Difficile à la vue de la pochette de ce premier album des allemands de Rammstein d’imaginer le style pratiqué par ces derniers. Devant de magnifiques tournesols géants d’un orange délicieux bien kitch, le groupe pose torse nu, les muscles huilés et turgescents. Un rare condensé de communication ambigüe et décalée tant la musique de Rammstein est aux antipodes de cette imagerie. En effet, "Herzeleid" (peine de cœur) est à ce jour, probablement l’album le plus violent du groupe.
La musique proposée est en effet très brutale et se base sur un Heavy métal axé sur des rythmiques surpuissantes et largement mâtiné de sonorités industrielles et techno. Si l’on peut se risquer à faire quelques parallèles avec ce qu’avaient fait Ministry ou Nine Inch Nail auparavant, le résultat est ici bien plus orienté métal et surtout le mode d’expression est bien plus direct et basique. A ce titre, on peut considérer que Rammstein , avec ce premier disque, a réellement été novateur et surtout à l’origine d’un nouveau style musical au croisement de différents mouvements.
De fait, si l’efficacité et la puissance semblent être les leitmotivs du groupe, c’est plutôt ce coté crossover / fusion qui apparait intéressant. Durant la période qui couvre la sortie de ses deux premiers disques, le groupe a rassemblé des fans venus de tous horizons, Techno, Metal, Industriel, Gothique… grâce à un exceptionnel sens du riff et de la mélodie.

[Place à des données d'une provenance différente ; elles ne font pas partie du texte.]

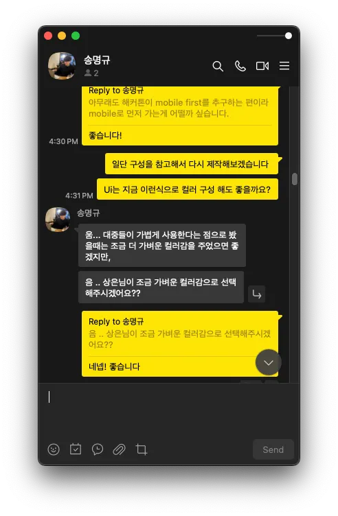현업에서 PM이 어떤식으로 설명해주고 어떤식으로 제작해야되는지 설명해주셔서 많은걸 배워갈수 있는 계기였다.

En effet, si le pari de chanter en allemand, de proposer une musique très martiale et violente et d’adopter une imagerie aussi provocante que dérangeante semble aussi courageux que suicidaire, les atouts sont heureusement nombreux. A commencer par le chant rauque et grave de Till Lindemann dont la puissance est renforcée par les sonorités de la langue allemande mais également les guitares tranchantes et robustes qui privilégient les riffs basiques au détriment des très rares soli. 'Wollt Ihr Das Bett In Flammen Sehen' (Voulez vous voir le lit en feu ?), 'Heirate Mich' (Epouse moi), 'Du Riechst Su Gut' (Tu sens si bon), 'Asche Zu Asche', 'Der Meister' (Le maître), 'Das Alte Leid' (Cette vieille douleur), autant de titres dont la structure tourne essentiellement autour de riffd de guitares survitaminés et de refrains imparables, le tout agrémenté de petites mélodies émanant des claviers ou des vocaux.
Certains de ces morceaux sont désormais des classiques incontournables du groupe, tels 'Rammstein' qui évoque un accident survenu lors d’un meeting aérien sur la base militaire américaine de Ramstein, en Allemagne ou la balade 'Seemann' qui a mi parcours présente Rammstein sous une autre facette et qui fera quelques années plus tard l’objet d’une très belle reprise par Nina Hagen et Apocalyptica.
Malgré un son qui manque un peu de modernité, "Herzeleid" est une franche réussite musicale et présente une formation hyper efficace et puissante. L’album manque peut être encore d’un peu de subtilité et de variété pour pouvoir être considéré comme un disque intemporel mais pour ce qui est de provoquer du headbanging et de servir d’exutoire, on fait difficilement mieux.